**EXERCISE:** Your copy of the listing should match it exactly, only without pictures.

**WORKING DATA:**
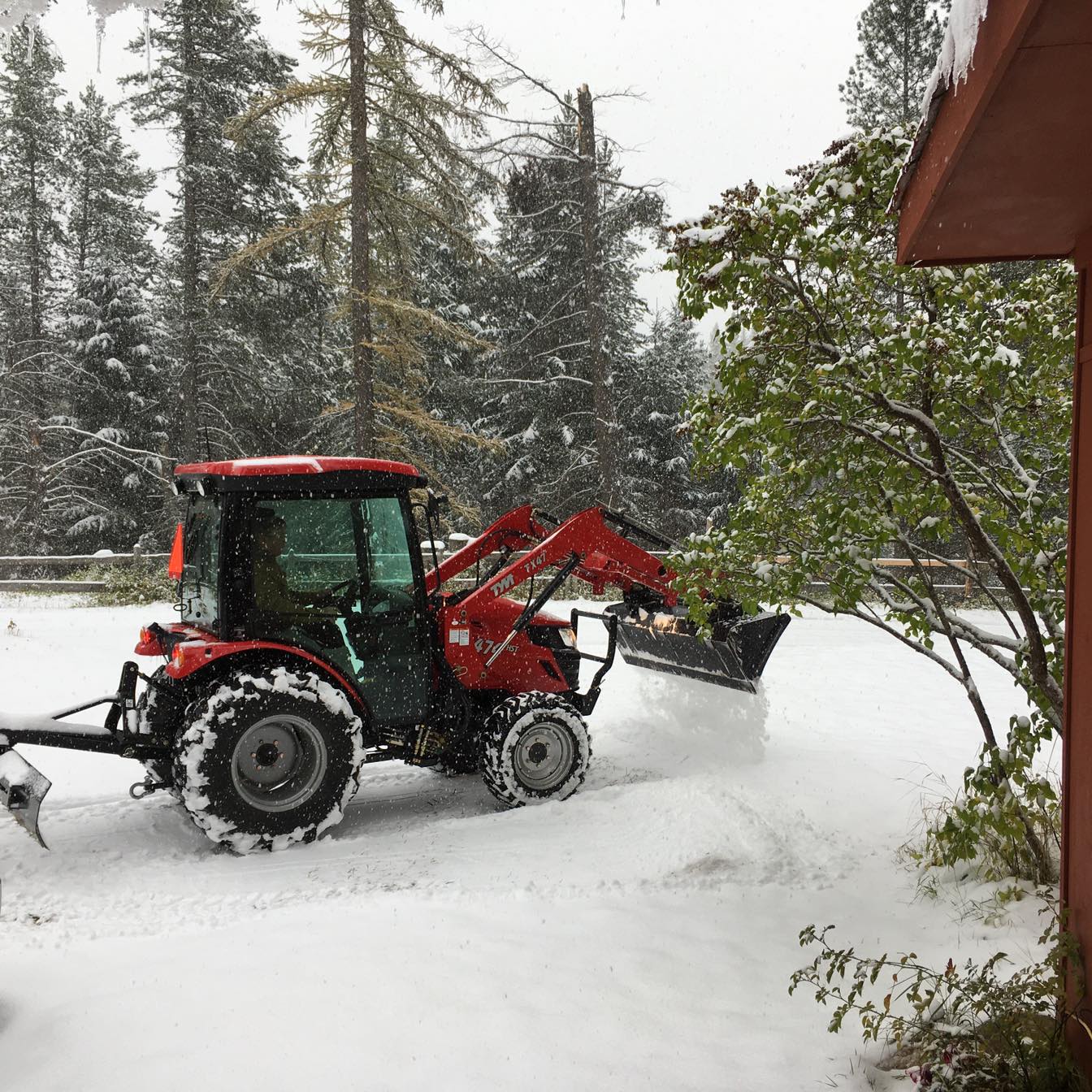First snow of the season in NW Montana. Gotta use front bucket/rear blade carefully until ground is frozen, THEN the MK Martin inverted blower will be the weapon of choice.
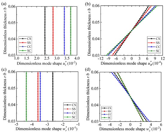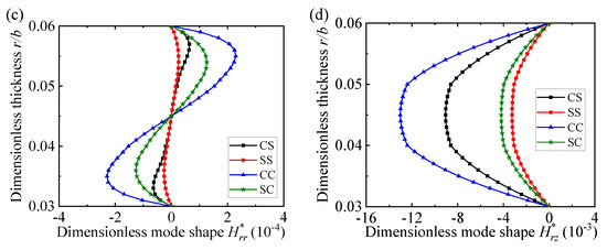 The radial coordinates of data points in the resulting graph of this section are fixed at z/b = 0.7. The ring coordinates of data points are all basic solutions, and the angle variation can be multiplied by the sine-cosine factor from Equations (5) and (6). Figure 4 shows the variations of the first-order mode shapes of the phonon and phason displacements for QC annular plates with four different boundary conditions along the r-direction. The distributions of and (Figure 4a,c) are symmetrical, but the distributions of and (Figure 4b,d) are anti-symmetrical at r/b = 0.045, so these curves are flexural mode shapes. Moreover, the values of the mode shapes for and at r/b = 0.03 and 0.06 decrease in the order of SC, CC, SS, and CS for a fixed value of h/L. In addition, it is observed that the phason mode shapes and are sensitive to the different boundary conditions.
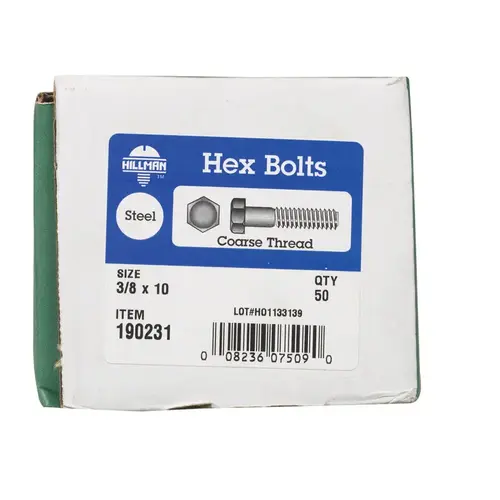 Hillman 190231 Hex Bolt 3/8" D X 10" L Zinc Plated Steel Zinc Plated
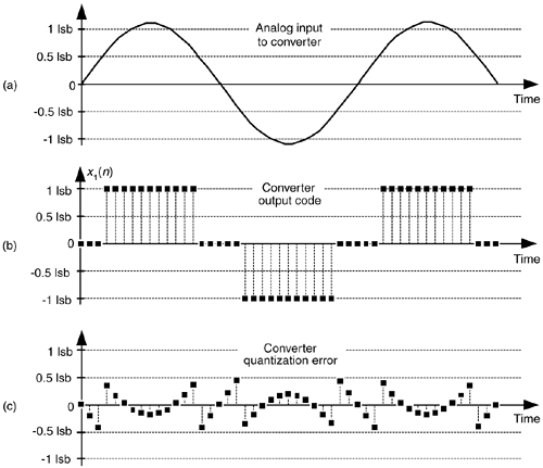 Dithering, another technique used to minimize the effects of A/D quantization noise, is the process of adding noise to our analog signal prior to A/D conversion. This scheme, which doesn't seem at all like a good idea, can indeed be useful and is easily illustrated with an example. Consider digitizing the low-level analog sinusoid shown in Figure 13-19(a), whose peak voltage just exceeds a single A/D converter least significant bit (lsb) voltage level, yielding the converter output x1(n) samples in Figure 13-19(b). The x1(n) output sequence is clipped. This generates all sorts of spectral harmonics. Another way to explain the spectral harmonics is to recognize the periodicity of the quantization noise in Figure 13-19(c).
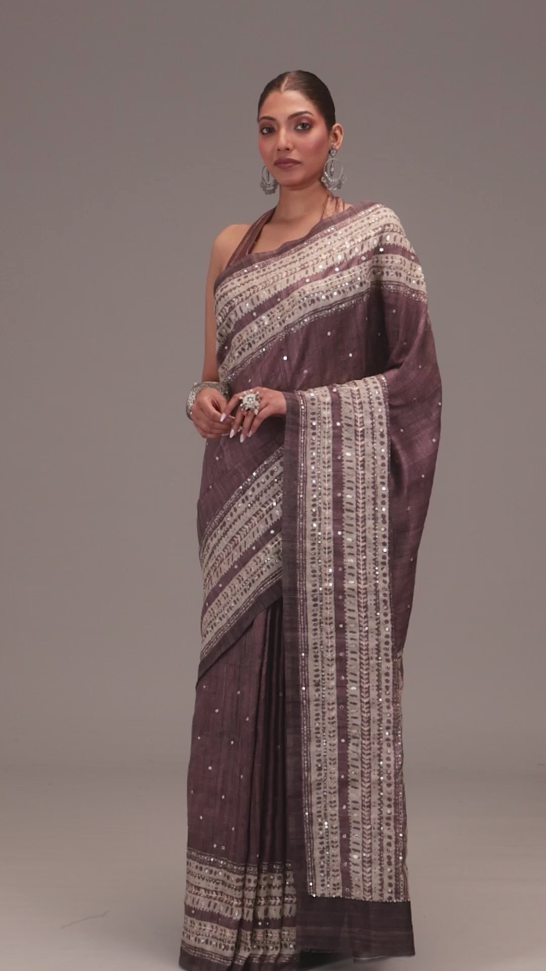When elegance meets sophisticated charm than it turns out into our Mauve Ethnic Printed Tussar Silk Saree. Glamed up with enchanting ethnic prints, sequins and aari tari work. An ensemble that makes an unforgettable entrance and leave a lasting impression at all your year-round festivities.
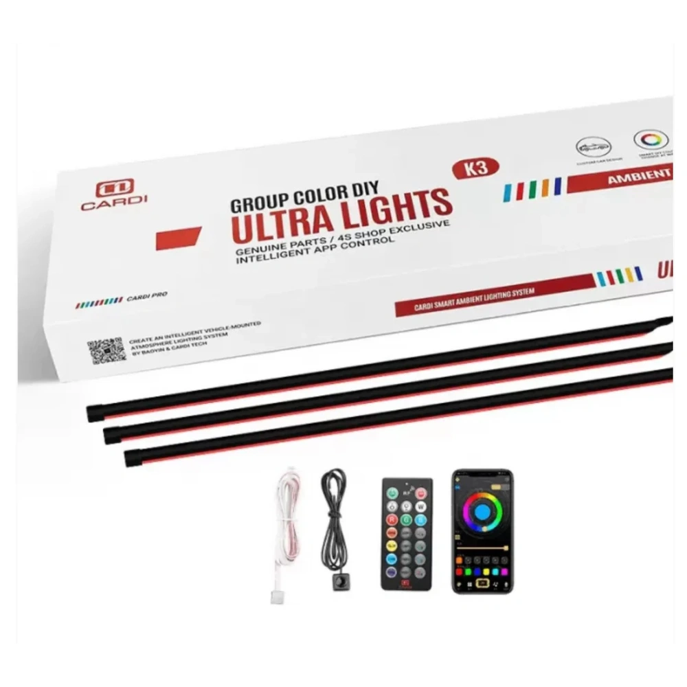 The CARDI K3 Active Ultra 18-Piece Kit brings your car interior to life with vibrant color, rhythm-based illumination, and luxury-grade design — the ultimate blend of tech and style.
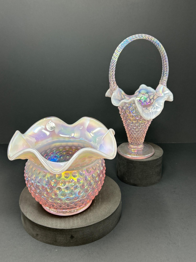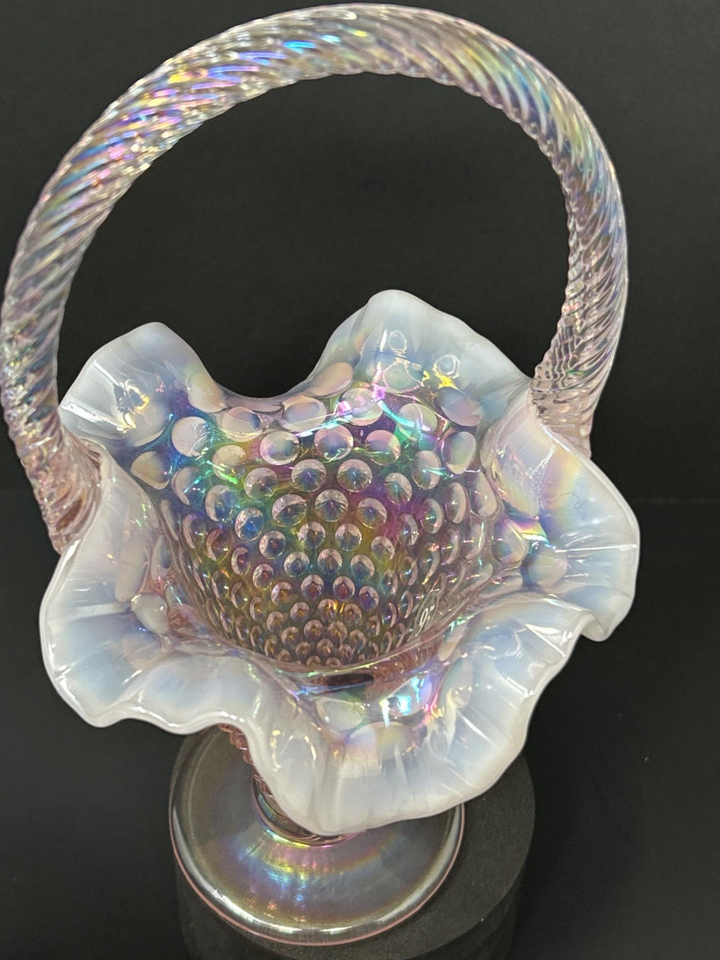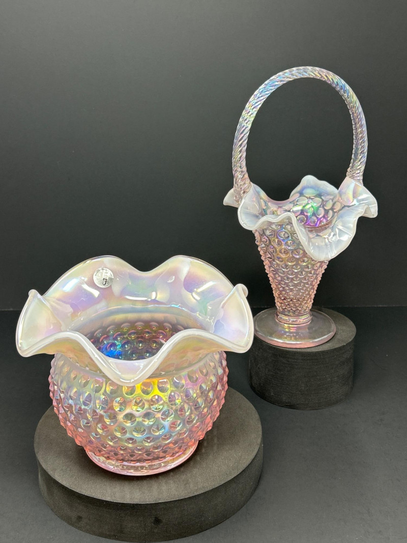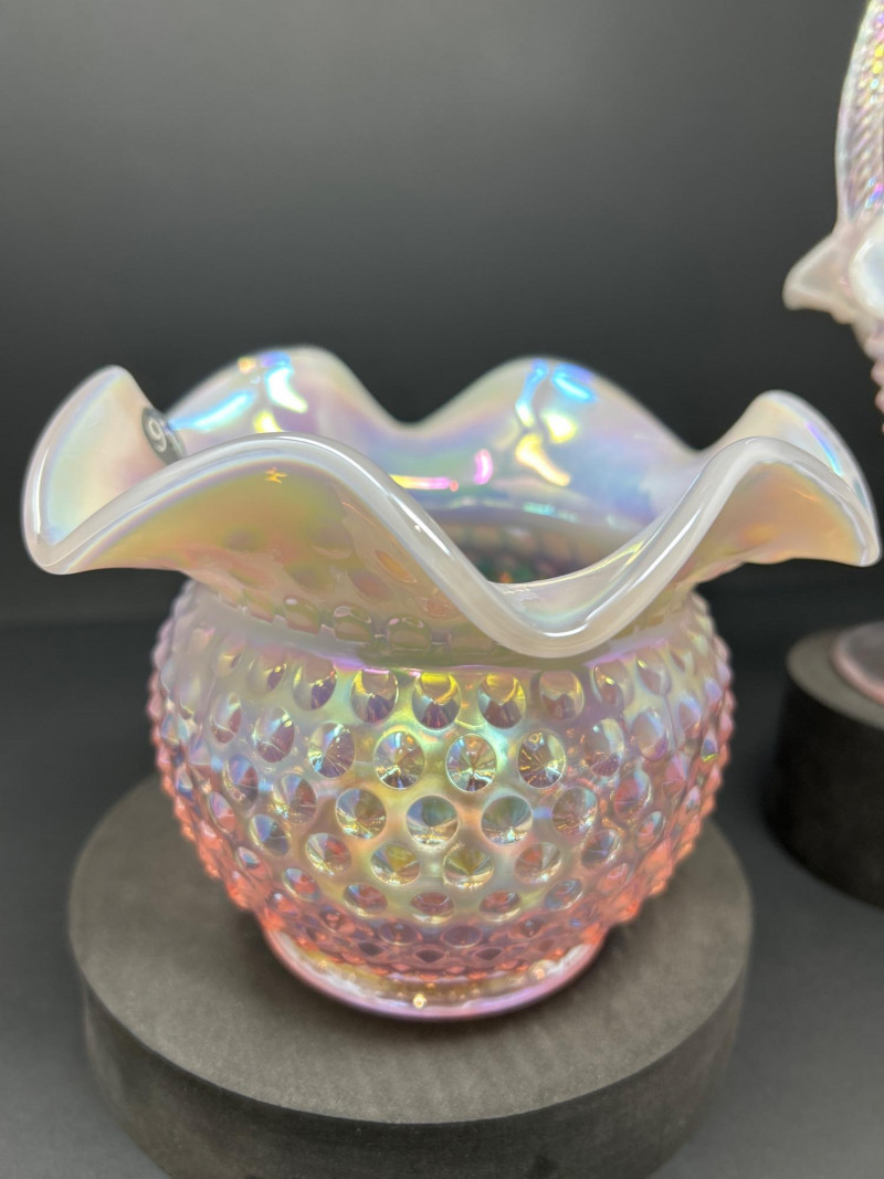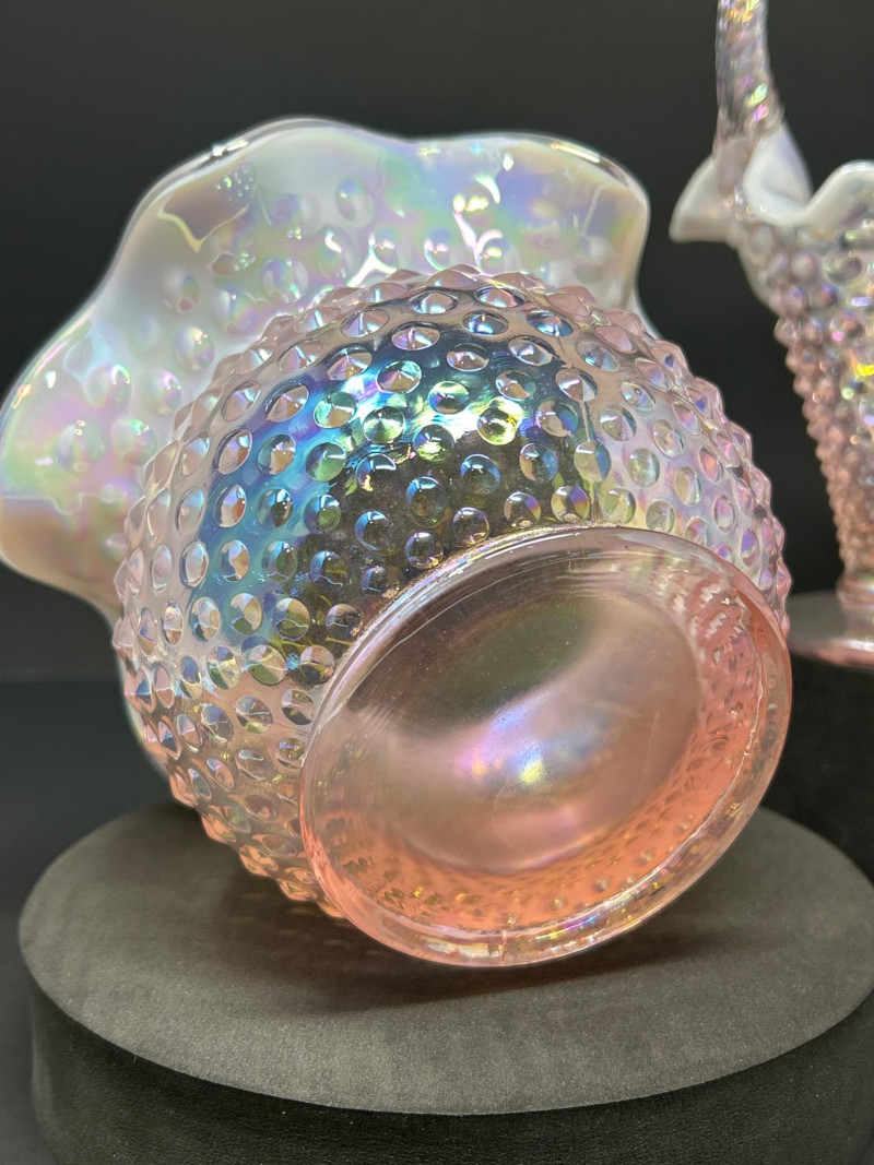 A beautiful Fenton Art Glass 95th Anniversary set (1905–2000) featuring a hobnail opalescent basket and matching ruffled bowl, both finished in a soft iridescent pink opal hue that radiates pastel tones of lavender, gold, and blue under light. The basket showcases Fenton’s signature twisted rope handle and wide, crimped rim, while the bowl features a deeply rounded body with a graceful, ruffled edge. Together they capture the timeless elegance and hand-finished artistry that define Fenton’s century-long tradition of American glassmaking excellence. Item Details: Maker: Fenton Art Glass Edition: 95th Anniversary (1905–2000) Pattern: Hobnail Color: Iridescent Pink Opalescent Material: Pressed and hand-finished art glass Mark: Embossed Fenton logo on base and silver foil “95th Anniversary” label Date: Circa 2000 Dimensions: Basket: approx. 10″ tall × 5″ wide Bowl: approx. 5″ tall × 7″ wide Design Features: Distinctive hobnail texture throughout Iridescent luster with pastel sheen Crimped and ruffled rims Twisted glass handle on basket

**ANSWER BOX:**
First snow of the season in NW Montana. Gotta use front bucket/rear blade carefully until ground is frozen, THEN the MK Martin inverted blower will be the weapon of choice.
 The radial coordinates of data points in the resulting graph of this section are fixed at z/b = 0.7. The ring coordinates of data points are all basic solutions, and the angle variation can be multiplied by the sine-cosine factor from Equations (5) and (6). Figure 4 shows the variations of the first-order mode shapes of the phonon and phason displacements for QC annular plates with four different boundary conditions along the r-direction. The distributions of and (Figure 4a,c) are symmetrical, but the distributions of and (Figure 4b,d) are anti-symmetrical at r/b = 0.045, so these curves are flexural mode shapes. Moreover, the values of the mode shapes for and at r/b = 0.03 and 0.06 decrease in the order of SC, CC, SS, and CS for a fixed value of h/L. In addition, it is observed that the phason mode shapes and are sensitive to the different boundary conditions.
 Hillman 190231 Hex Bolt 3/8" D X 10" L Zinc Plated Steel Zinc Plated
 Dithering, another technique used to minimize the effects of A/D quantization noise, is the process of adding noise to our analog signal prior to A/D conversion. This scheme, which doesn't seem at all like a good idea, can indeed be useful and is easily illustrated with an example. Consider digitizing the low-level analog sinusoid shown in Figure 13-19(a), whose peak voltage just exceeds a single A/D converter least significant bit (lsb) voltage level, yielding the converter output x1(n) samples in Figure 13-19(b). The x1(n) output sequence is clipped. This generates all sorts of spectral harmonics. Another way to explain the spectral harmonics is to recognize the periodicity of the quantization noise in Figure 13-19(c).
When elegance meets sophisticated charm than it turns out into our Mauve Ethnic Printed Tussar Silk Saree. Glamed up with enchanting ethnic prints, sequins and aari tari work. An ensemble that makes an unforgettable entrance and leave a lasting impression at all your year-round festivities.
 The CARDI K3 Active Ultra 18-Piece Kit brings your car interior to life with vibrant color, rhythm-based illumination, and luxury-grade design — the ultimate blend of tech and style.
 A beautiful Fenton Art Glass 95th Anniversary set (1905–2000) featuring a hobnail opalescent basket and matching ruffled bowl, both finished in a soft iridescent pink opal hue that radiates pastel tones of lavender, gold, and blue under light. The basket showcases Fenton’s signature twisted rope handle and wide, crimped rim, while the bowl features a deeply rounded body with a graceful, ruffled edge. Together they capture the timeless elegance and hand-finished artistry that define Fenton’s century-long tradition of American glassmaking excellence. Item Details: Maker: Fenton Art Glass Edition: 95th Anniversary (1905–2000) Pattern: Hobnail Color: Iridescent Pink Opalescent Material: Pressed and hand-finished art glass Mark: Embossed Fenton logo on base and silver foil “95th Anniversary” label Date: Circa 2000 Dimensions: Basket: approx. 10″ tall × 5″ wide Bowl: approx. 5″ tall × 7″ wide Design Features: Distinctive hobnail texture throughout Iridescent luster with pastel sheen Crimped and ruffled rims Twisted glass handle on basket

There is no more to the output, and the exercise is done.